I'm supposed to define the function n! (N-Factorial). The thing is I don't know how to.
Here is what I have so far, can someone please help with this? I don't understand the conditionals in Racket, so an explanation would be great!
(define fact (lambda (n) (if (> n 0)) (* n < n)))
You'll have to take a good look at the documentation first, this is a very simple example but you have to understand the basics before attempting a solution, and make sure you know how to write a recursive procedure. Some comments:
(define fact
(lambda (n)
(if (> n 0)
; a conditional must have two parts:
; where is the consequent? here goes the advance of the recursion
; where is the alternative? here goes the base case of the recursion
)
(* n < n))) ; this line is outside the conditional, and it's just wrong
Notice that the last expression is incorrect, I don't know what it's supposed to do, but as it is it'll raise an error. Delete it, and concentrate on writing the body of the conditional.
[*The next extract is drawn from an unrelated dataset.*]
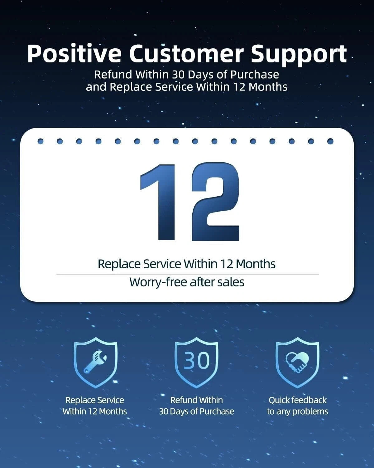 We guarantee against any defective products. A replacement will be provided for any defective or misrepresented products for the duration ofthe 3 months. A full refund can only be issued during the first 30 days upon receipt of the product.
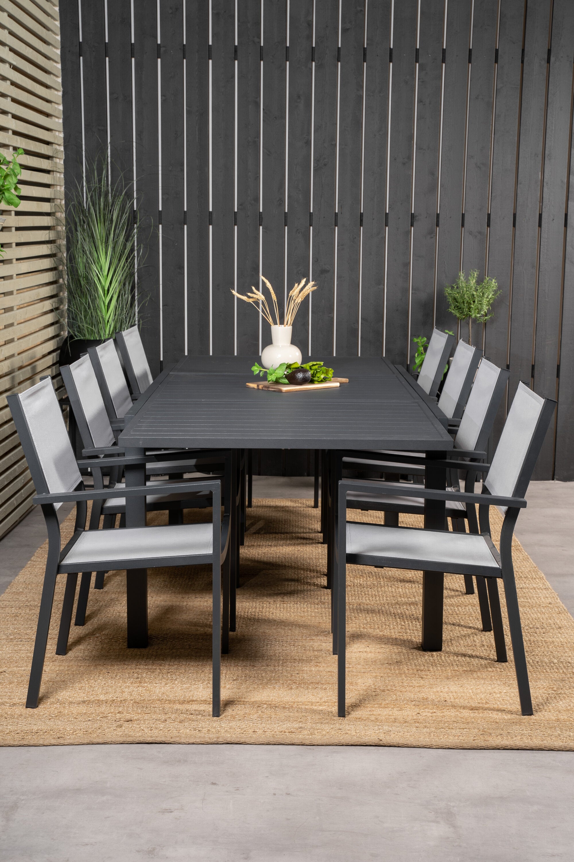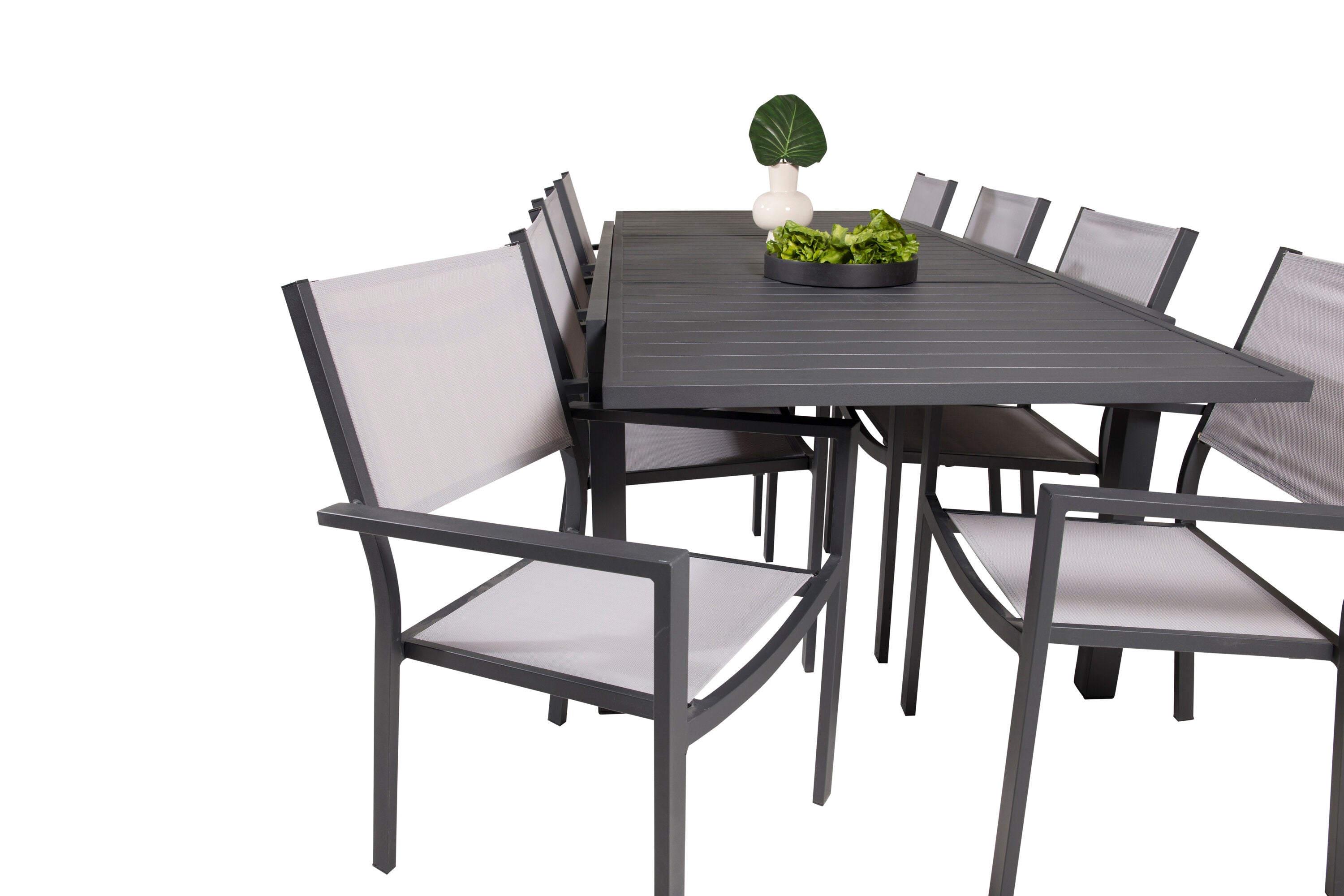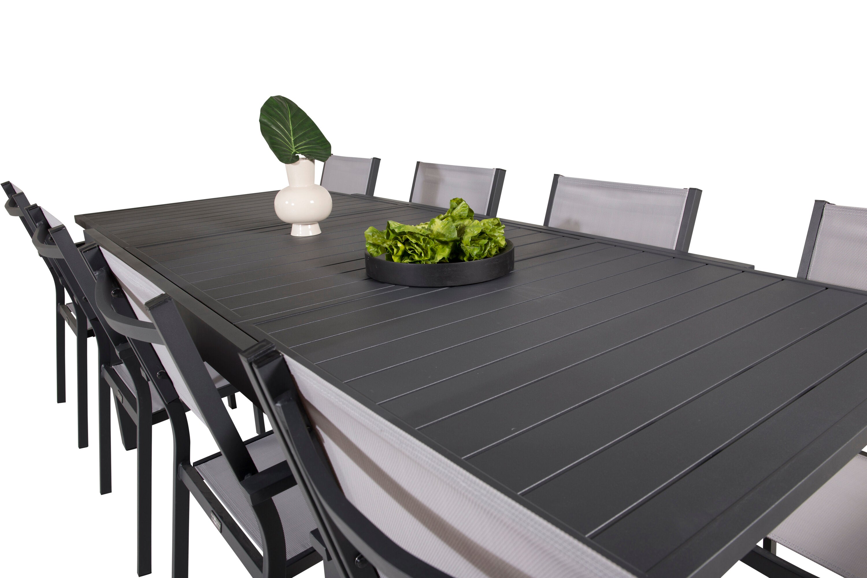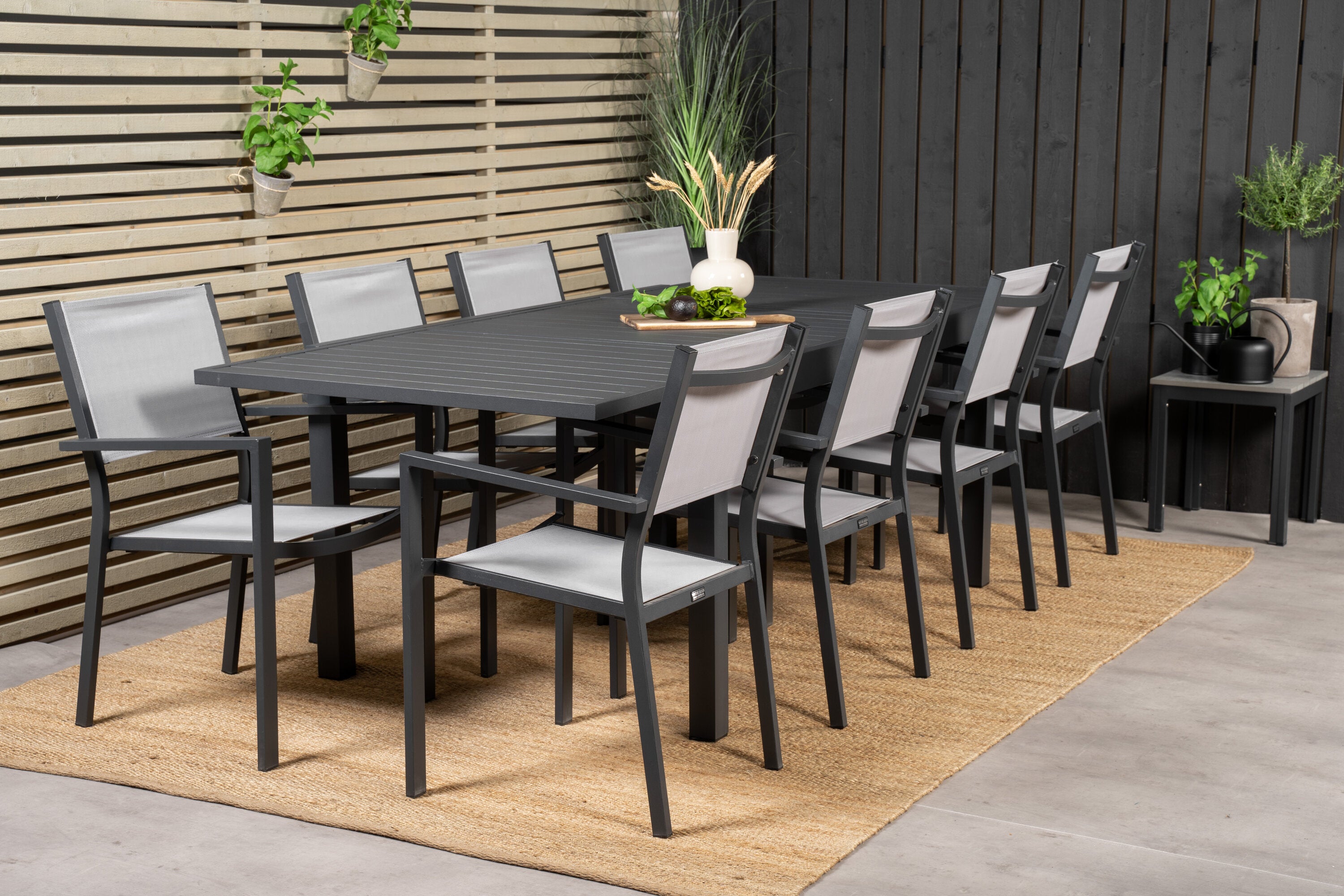 Jídelní stůl Marbella 160/240*100*H75 - Černá + křeslo Copacabana (stohovatelné) - Černá Alu / šedá Textilene_8

The trick with scheme (or lisp) is to understand each little bit between each set of brackets as you build them up into more complex forms.
So lets start with the conditionals. if takes 3 arguments. It evaluates the first, and if that's true, if returns the second, and if the first argument is false it returns the third.
(if #t "some value" "some other value") ; => "some value"
(if #f "some value" "some other value") ; => "some other value"
(if (<= 1 0) "done" "go again") ; => "go again"
cond would work too - you can read the racket introduction to conditionals here: http://docs.racket-lang.org/guide/syntax-overview.html#%28part._.Conditionals_with_if__and__or__and_cond%29
You can define functions in two different ways. You're using the anonymous function approach, which is fine, but you don't need a lambda in this case, so the simpler syntax is:
(define (function-name arguments) result)
For example:
(define (previous-number n)
(- n 1))
(previous-number 3) ; => 2
Using a lambda like you have achieves the same thing, using different syntax (don't worry about any other differences for now):
(define previous-number* (lambda (n) (- n 1)))
(previous-number* 3) ; => 2
By the way - that '*' is just another character in that name, nothing special (see http://docs.racket-lang.org/guide/syntax-overview.html#%28part._.Identifiers%29). A '!' at the end of a function name often means that that function has side effects, but n! is a fine name for your function in this case.
So lets go back to your original question and put the function definition and conditional together. We'll use the "recurrence relation" from the wiki definition because it makes for a nice recursive function: If n is less than 1, then the factorial is 1. Otherwise, the factorial is n times the factorial of one less than n. In code, that looks like:
(define (n! n)
(if (<= n 1) ; If n is less than 1,
1 ; then the factorial is 1
(* n (n! (- n 1))))) ; Otherwise, the factorial is n times the factorial of one less than n.
That last clause is a little denser than I'd like, so lets just work though it down for n = 2:
(define n 2)
(* n (n! (- n 1)))
; =>
(* 2 (n! (- 2 1)))
(* 2 (n! 1))
(* 2 1)
2
Also, if you're using Racket, it's really easy to confirm that it's working as we expect:
(check-expect (n! 0) 1)
(check-expect (n! 1) 1)
(check-expect (n! 20) 2432902008176640000)